====== Supplied records ======
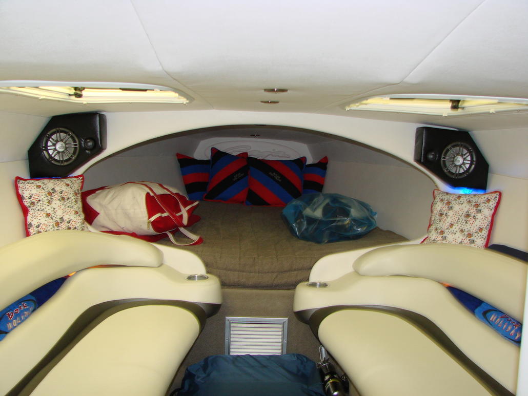 Ed built some really nice speaker mounts for the cuddy with some blue LED lights which were a nice improvement over the sound and look of the speakers Baja had hanging with brackets that always dropped down in rough water.
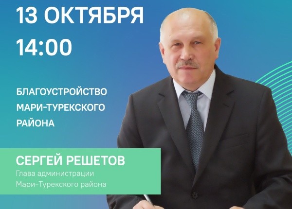 13 октября в 14:00 состоится прямой эфир ЦУР Марий Эл с главой Мари-Турекского района Сергеем Решетовым.
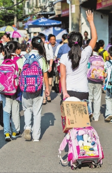 武漢市武昌區(qū),小學(xué)生們拖著沉重的書(shū)包放學(xué)回家。新華社記者 肖藝九攝
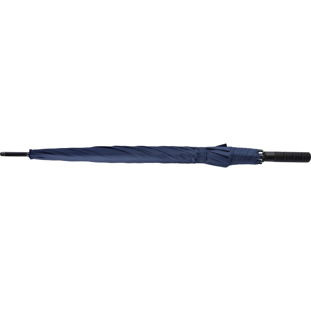 rPET 190T automatic golf umbrella (27 inch) with eight panels and a fiberglass frame. Features a push-button opening and an rPET label on the Velcro closure. Windproof. [ENG] Logodruck: Siebdruck
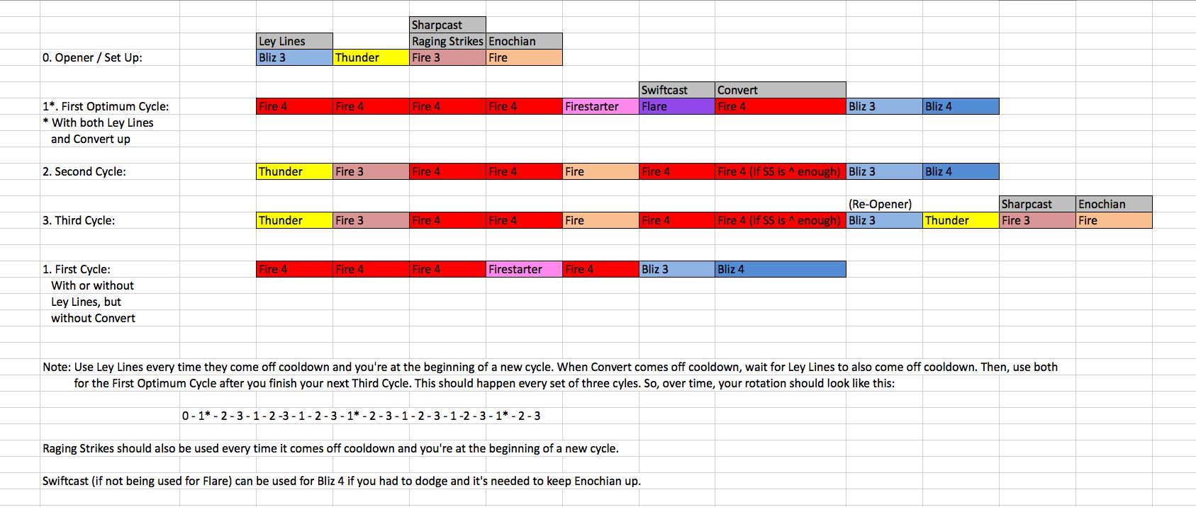 With all that out of the way, here is a bare-bones, basic-yet-effective BLM rotation that me and a friend created back at the beginning of Heavensward. I believe your Spell Speed (SS) had to be around 680 to be able to use four Fire IV's and still have time to cast Blizzard IV before Enochian falls off in the second and third cycle. I do remember they adjusted stats here and there so you may have to experiment to see if your spell speed is high enough. As long as you have some i200 gear though, I think you should be fine.
======
**What to do:**
Everything in the entries above should be written out again exactly, except the images.

**Problem solution:**
 Ed built some really nice speaker mounts for the cuddy with some blue LED lights which were a nice improvement over the sound and look of the speakers Baja had hanging with brackets that always dropped down in rough water.
 13 октября в 14:00 состоится прямой эфир ЦУР Марий Эл с главой Мари-Турекского района Сергеем Решетовым.
 武漢市武昌區(qū),小學(xué)生們拖著沉重的書(shū)包放學(xué)回家。新華社記者 肖藝九攝
 rPET 190T automatic golf umbrella (27 inch) with eight panels and a fiberglass frame. Features a push-button opening and an rPET label on the Velcro closure. Windproof. [ENG] Logodruck: Siebdruck
 With all that out of the way, here is a bare-bones, basic-yet-effective BLM rotation that me and a friend created back at the beginning of Heavensward. I believe your Spell Speed (SS) had to be around 680 to be able to use four Fire IV's and still have time to cast Blizzard IV before Enochian falls off in the second and third cycle. I do remember they adjusted stats here and there so you may have to experiment to see if your spell speed is high enough. As long as you have some i200 gear though, I think you should be fine.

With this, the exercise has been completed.